REQUIREMENT:
Repeat, word for word, all the data that follows, and exclude the pictures.

TASK DATA:

┏━━

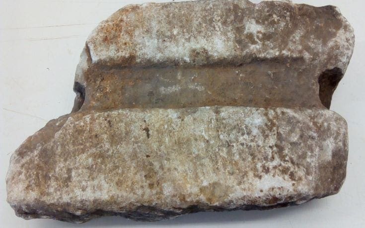 Θραύσμα από μαρμάρινο αγωγό που είχε αποσπαστεί από τον αρχαιολογικό χώρο της Αρχαίας Ολυμπίας και είχε εξαχθεί
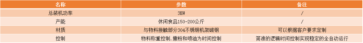 設備組成:400皮帶上料機、50kg稱(chēng)重斗、25KG調味粉添加機、50L噴油機、50KG正反轉調味滾筒。
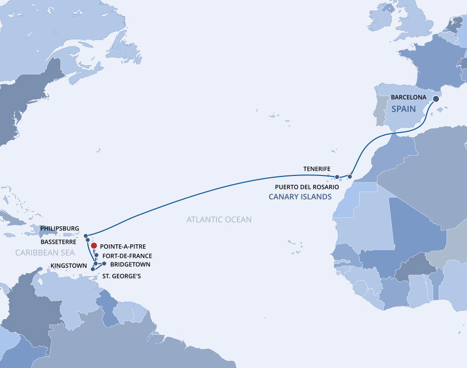 Bridgetown, the captivating capital of Barbados, combines faded colonial history, captivating tradition, and vivid white beaches. Stately colonial buildings intermingle with colourful wooden homes, open-air markets and catch-of-the-day cafés. Ships will dock at this port.
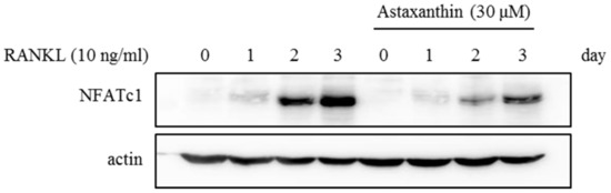 Bone marrow cells (BMCs) were isolated from the femur and tibia of 5-week-old male ICR mice (n = 2: Damool Science, Daejeon, Korea) by flushing with α-minimum essential medium (α-MEM; Invitrogen Life Technologies, Carlsbad, CA, USA) containing 100 units/mL penicillin and 100 µg/mL streptomycin (Invitrogen, Carlsbad, CA, USA). The BMCs were cultured with M-CSF (10 ng/mL) for 1 day, and the nonadherent cells were cultured for a further 3 days in the presence of M-CSF (30 ng/mL). Bone marrow macrophages (BMMs) were obtained from BMCs cultured on a petri dish in α-MEM supplemented with 10% fetal bovine serum (FBS; Invitrogen Life Technologies, CA, USA) with 30 ng/mL of mouse recombinant macrophage colony-stimulating factor (M-CSF; PEPROTECH, Rocky Hill, NJ, USA) for 3 days. The BMMs were seeded and cultured in the presence of 10 ng/mL of mouse recombinant receptor activator of nuclear factor-κB ligand (RANKL; R&D Systems, Minneapolis, MN, USA) and 30 ng/mL of M-CSF for 4 days in the presence or absence of astaxanthin.
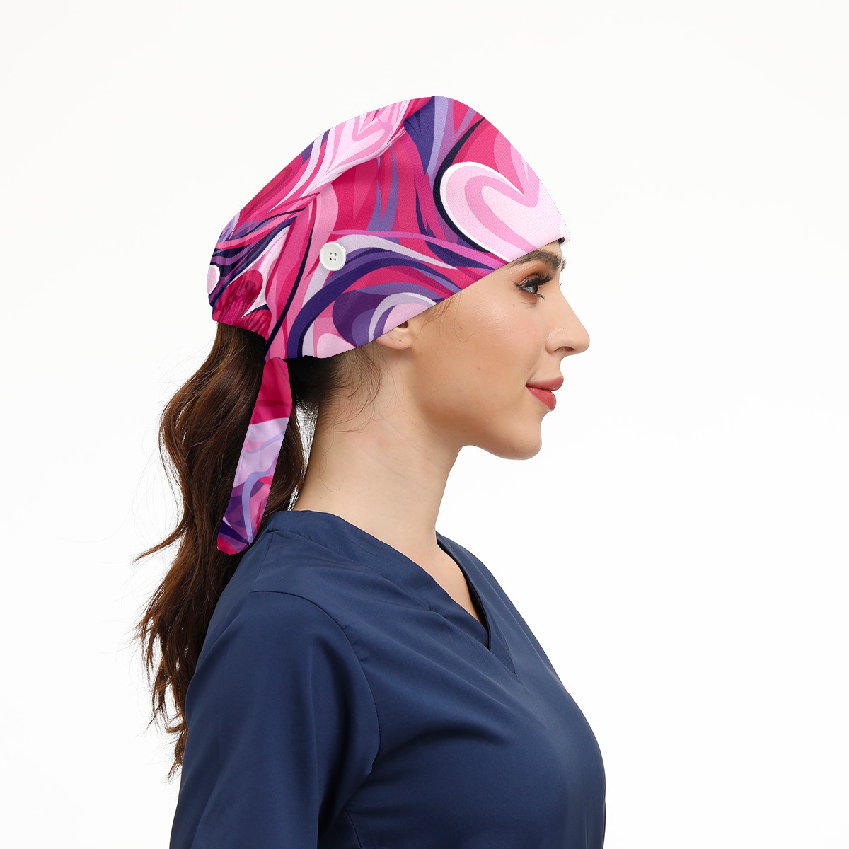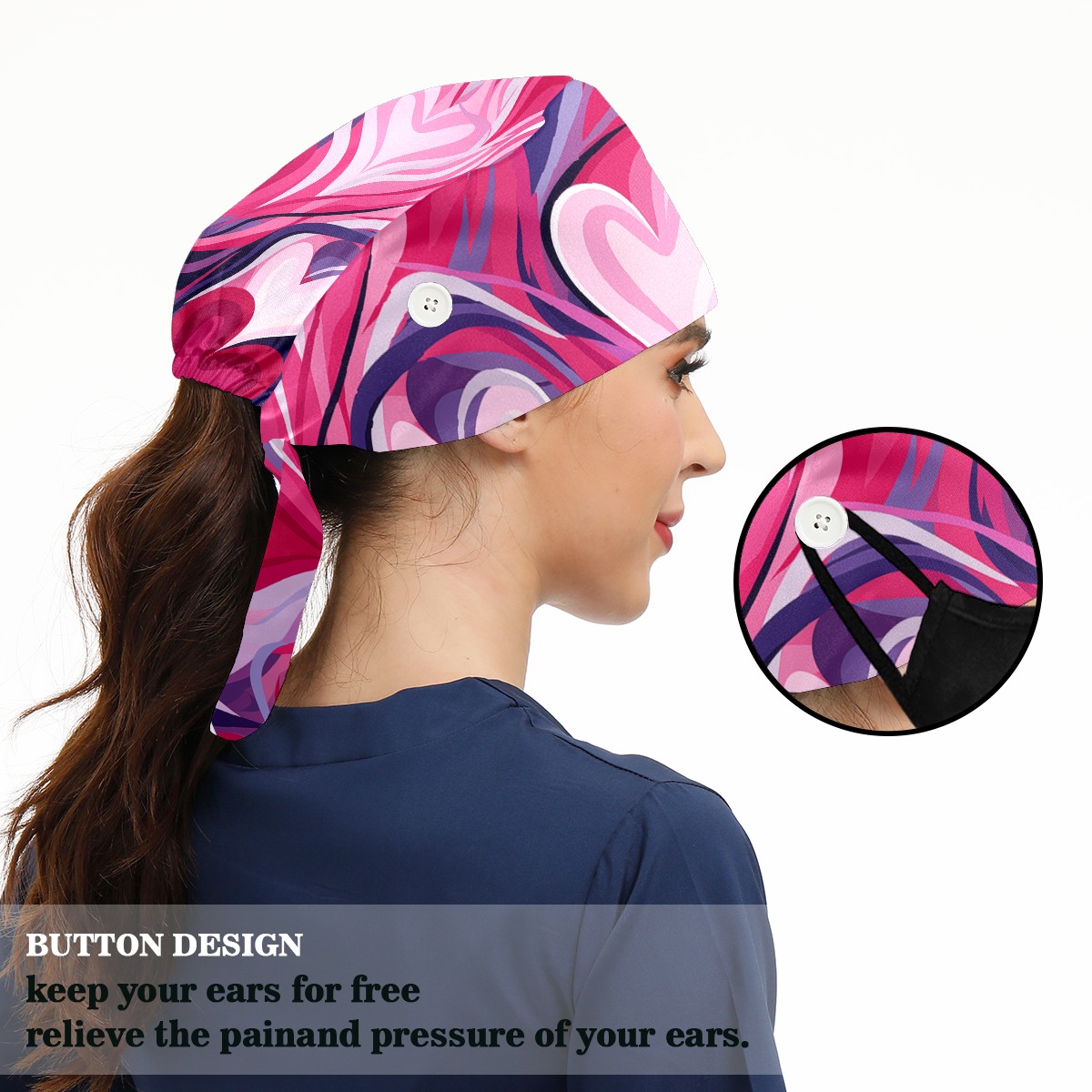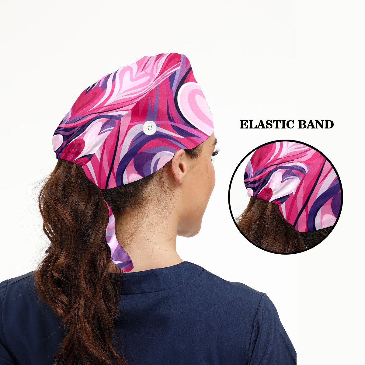 Working Caps with Button & Sweatband Satin Lined Cotton Adjustable Nurse Hats Elastic Band Scrub Cap Surgeon Hat Pink Heart Valentine
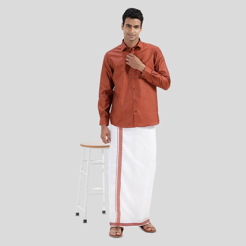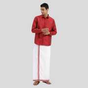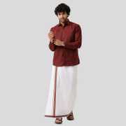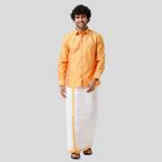 Elevate your traditional wardrobe with the Uathayam Divine Shirt Matching Fancy Border Single Dhoti Set For Men. This stunning set features a stylish shirt paired with a beautifully designed Single dhoti, perfect for special occasions or cultural events. Add a touch of sophistication to your ensemble with this exquisite outfit.
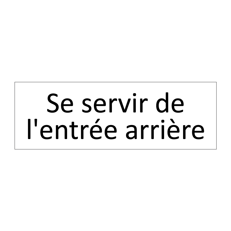 Panneau d'information avec le texte Se servir de l'entrée arrière.
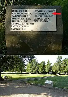 - На могиле героя установлена мемориальная плита с именами героев.
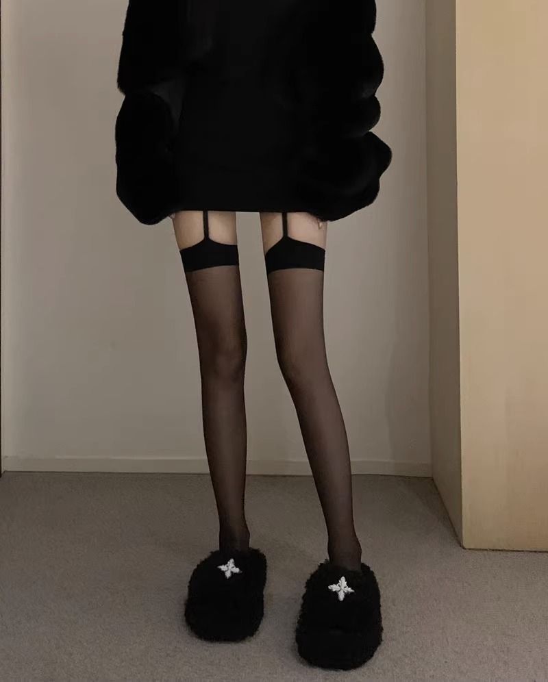 코만캉 레드 엣지 블랙 실크 일체형 스타킹 섹시한 하프 스타킹 여성용 롱 스타킹 무릎 위까지 오는 양말스토어 가기
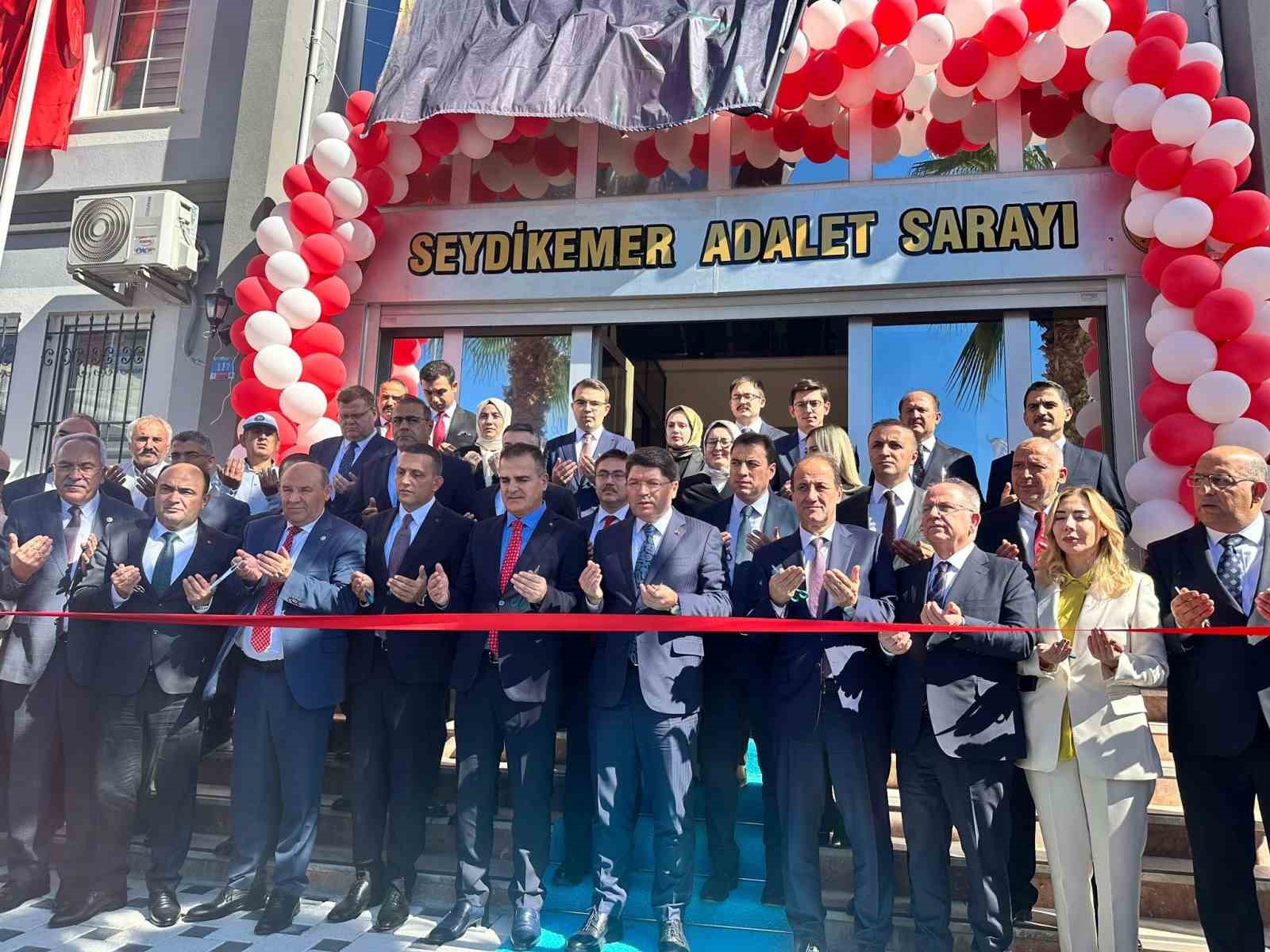 Adalet Bakanı Yılmaz Tunç’un katıldığı Seydikemer ilçesinde bulunan Adliye Sarayı’nın açılışı dualar ile gerçekleştirildi. Tunç, Seydikemer Adalet Sarayı’nın açılış töreninde yaptığı konuşmada, “2002 müstakil adliye binası 78 idi. Bugün Seydikemer ile birlikte 367 müstakil adliye binasına ulaştık. İhtiyaca göre bunların sayısını artıracağız” dedi.
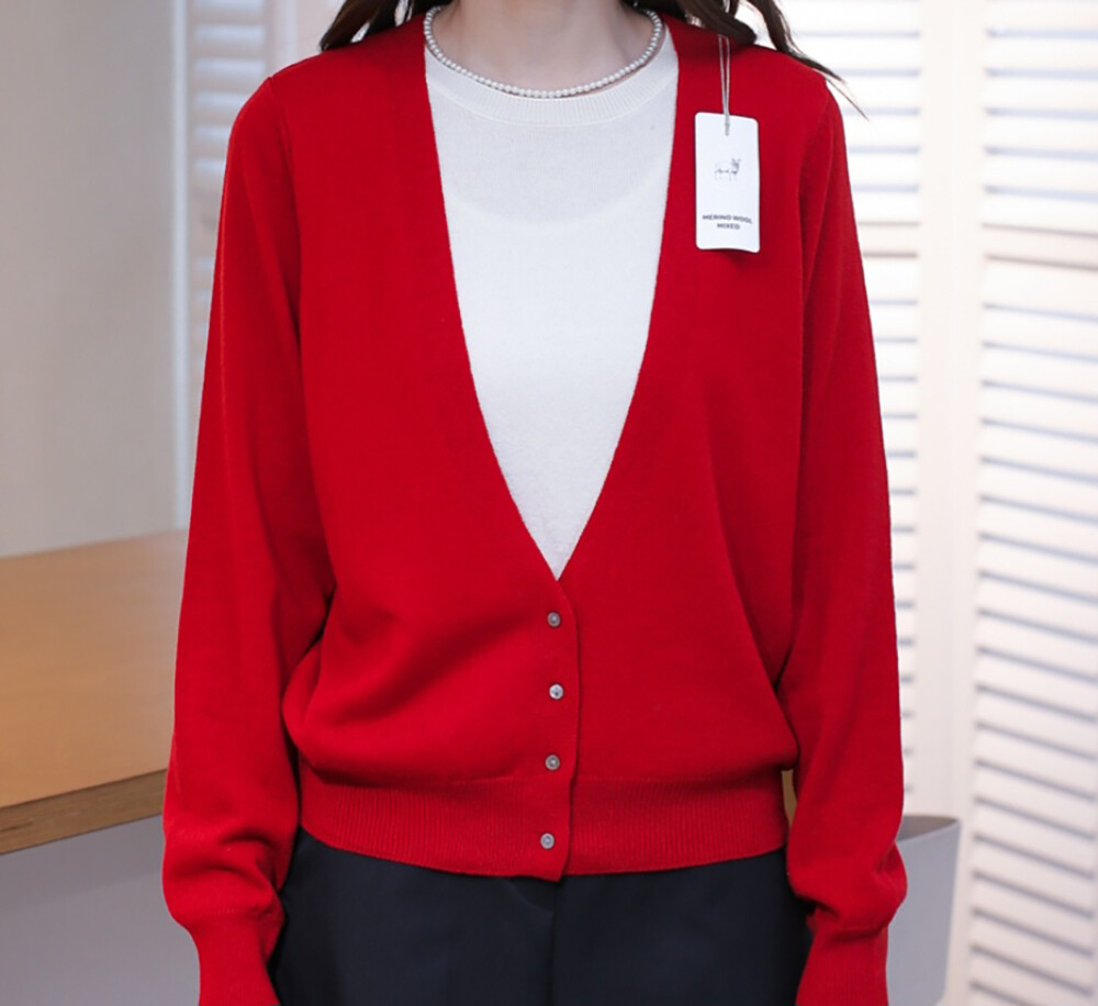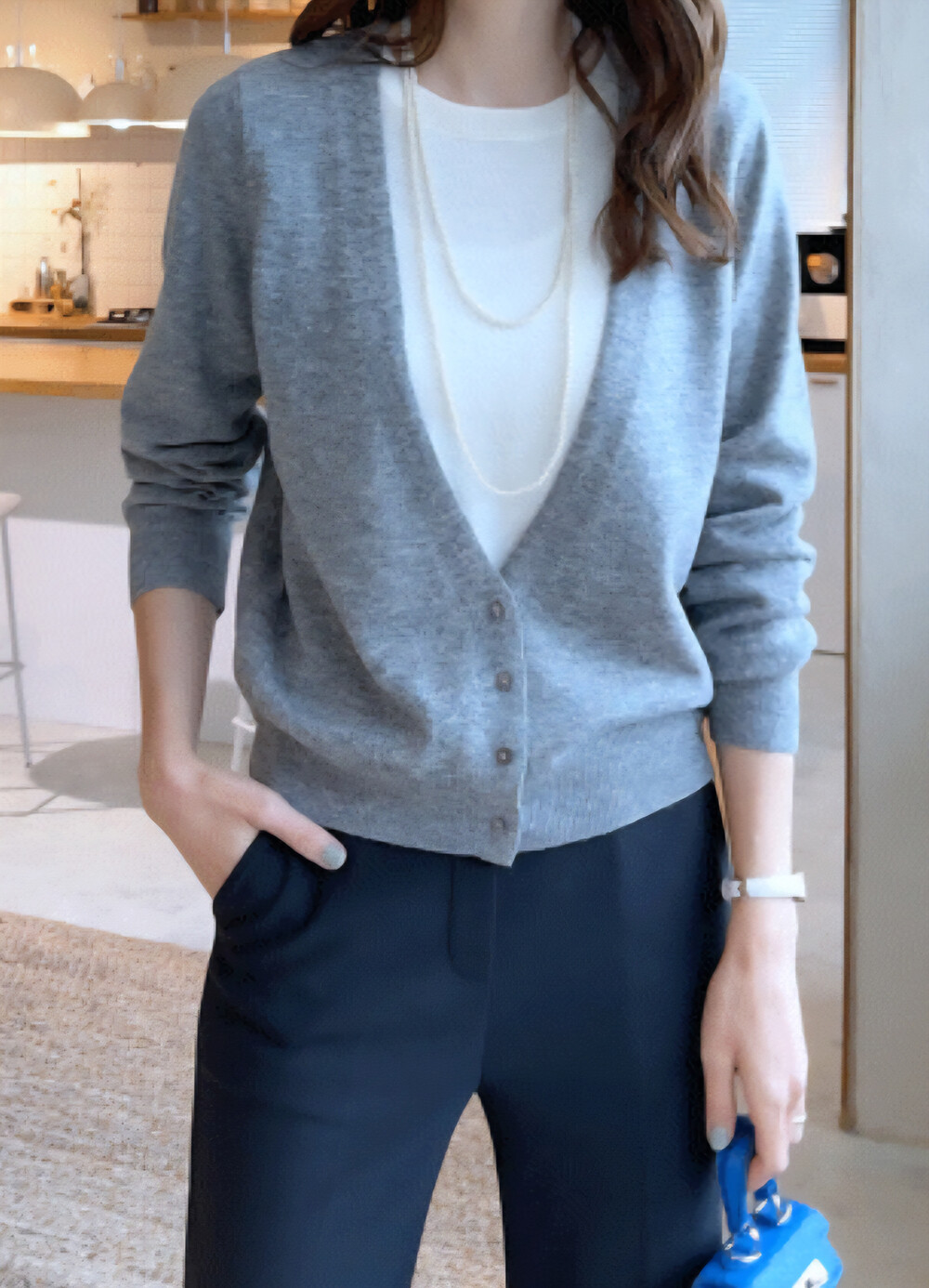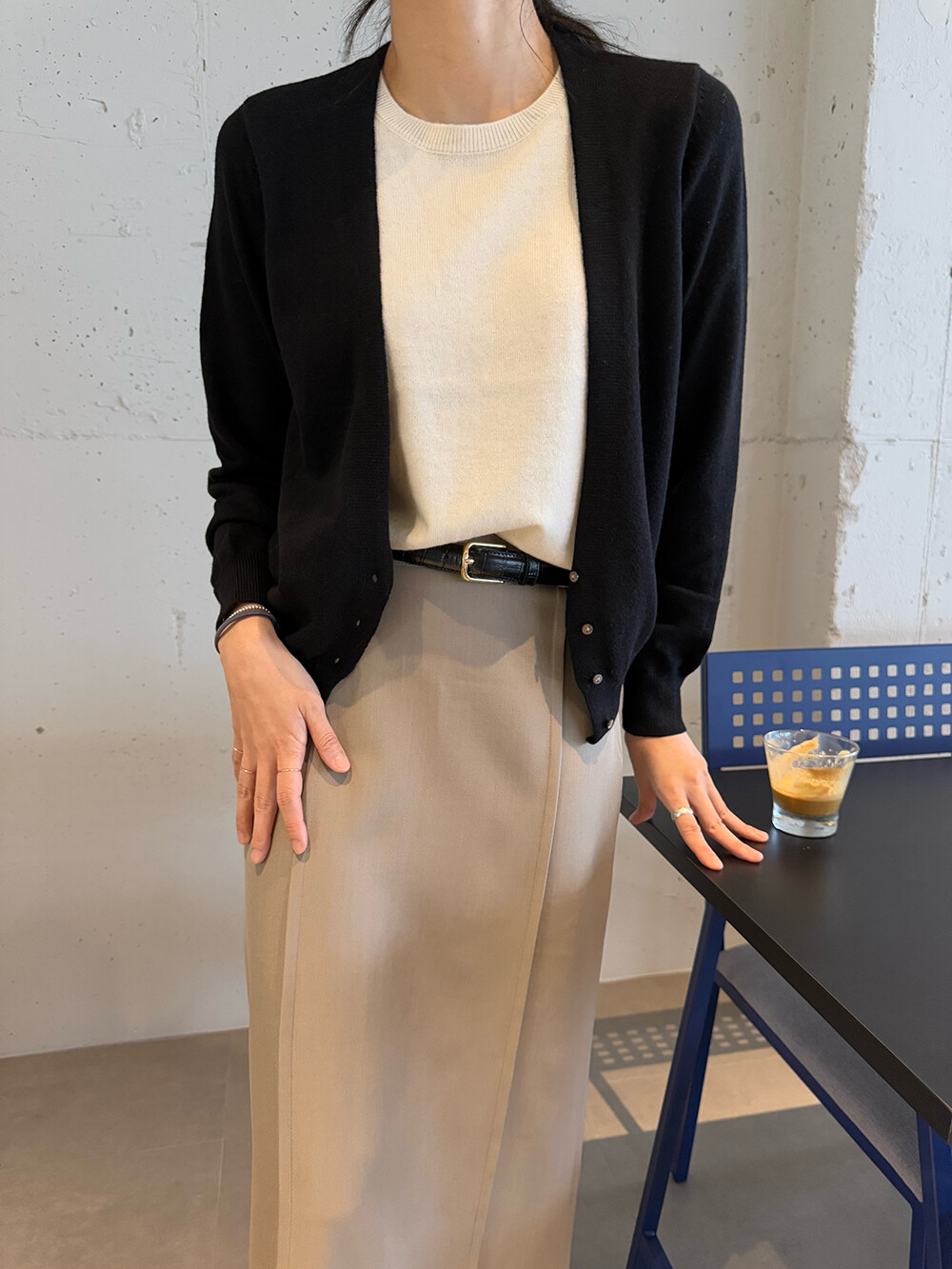 [디테일] 자개단추로 깔끔한 무드 가디건 넥라인이 깊에 파여 날씬해보이는 효과

┗━━

WRITTEN SOLUTION:
 Θραύσμα από μαρμάρινο αγωγό που είχε αποσπαστεί από τον αρχαιολογικό χώρο της Αρχαίας Ολυμπίας και είχε εξαχθεί
 設備組成:400皮帶上料機、50kg稱(chēng)重斗、25KG調味粉添加機、50L噴油機、50KG正反轉調味滾筒。
 Bridgetown, the captivating capital of Barbados, combines faded colonial history, captivating tradition, and vivid white beaches. Stately colonial buildings intermingle with colourful wooden homes, open-air markets and catch-of-the-day cafés. Ships will dock at this port.
 Bone marrow cells (BMCs) were isolated from the femur and tibia of 5-week-old male ICR mice (n = 2: Damool Science, Daejeon, Korea) by flushing with α-minimum essential medium (α-MEM; Invitrogen Life Technologies, Carlsbad, CA, USA) containing 100 units/mL penicillin and 100 µg/mL streptomycin (Invitrogen, Carlsbad, CA, USA). The BMCs were cultured with M-CSF (10 ng/mL) for 1 day, and the nonadherent cells were cultured for a further 3 days in the presence of M-CSF (30 ng/mL). Bone marrow macrophages (BMMs) were obtained from BMCs cultured on a petri dish in α-MEM supplemented with 10% fetal bovine serum (FBS; Invitrogen Life Technologies, CA, USA) with 30 ng/mL of mouse recombinant macrophage colony-stimulating factor (M-CSF; PEPROTECH, Rocky Hill, NJ, USA) for 3 days. The BMMs were seeded and cultured in the presence of 10 ng/mL of mouse recombinant receptor activator of nuclear factor-κB ligand (RANKL; R&D Systems, Minneapolis, MN, USA) and 30 ng/mL of M-CSF for 4 days in the presence or absence of astaxanthin.
 Working Caps with Button & Sweatband Satin Lined Cotton Adjustable Nurse Hats Elastic Band Scrub Cap Surgeon Hat Pink Heart Valentine
 Elevate your traditional wardrobe with the Uathayam Divine Shirt Matching Fancy Border Single Dhoti Set For Men. This stunning set features a stylish shirt paired with a beautifully designed Single dhoti, perfect for special occasions or cultural events. Add a touch of sophistication to your ensemble with this exquisite outfit.
 Panneau d'information avec le texte Se servir de l'entrée arrière.
 - На могиле героя установлена мемориальная плита с именами героев.
 코만캉 레드 엣지 블랙 실크 일체형 스타킹 섹시한 하프 스타킹 여성용 롱 스타킹 무릎 위까지 오는 양말스토어 가기
 Adalet Bakanı Yılmaz Tunç’un katıldığı Seydikemer ilçesinde bulunan Adliye Sarayı’nın açılışı dualar ile gerçekleştirildi. Tunç, Seydikemer Adalet Sarayı’nın açılış töreninde yaptığı konuşmada, “2002 müstakil adliye binası 78 idi. Bugün Seydikemer ile birlikte 367 müstakil adliye binasına ulaştık. İhtiyaca göre bunların sayısını artıracağız” dedi.
 [디테일] 자개단추로 깔끔한 무드 가디건 넥라인이 깊에 파여 날씬해보이는 효과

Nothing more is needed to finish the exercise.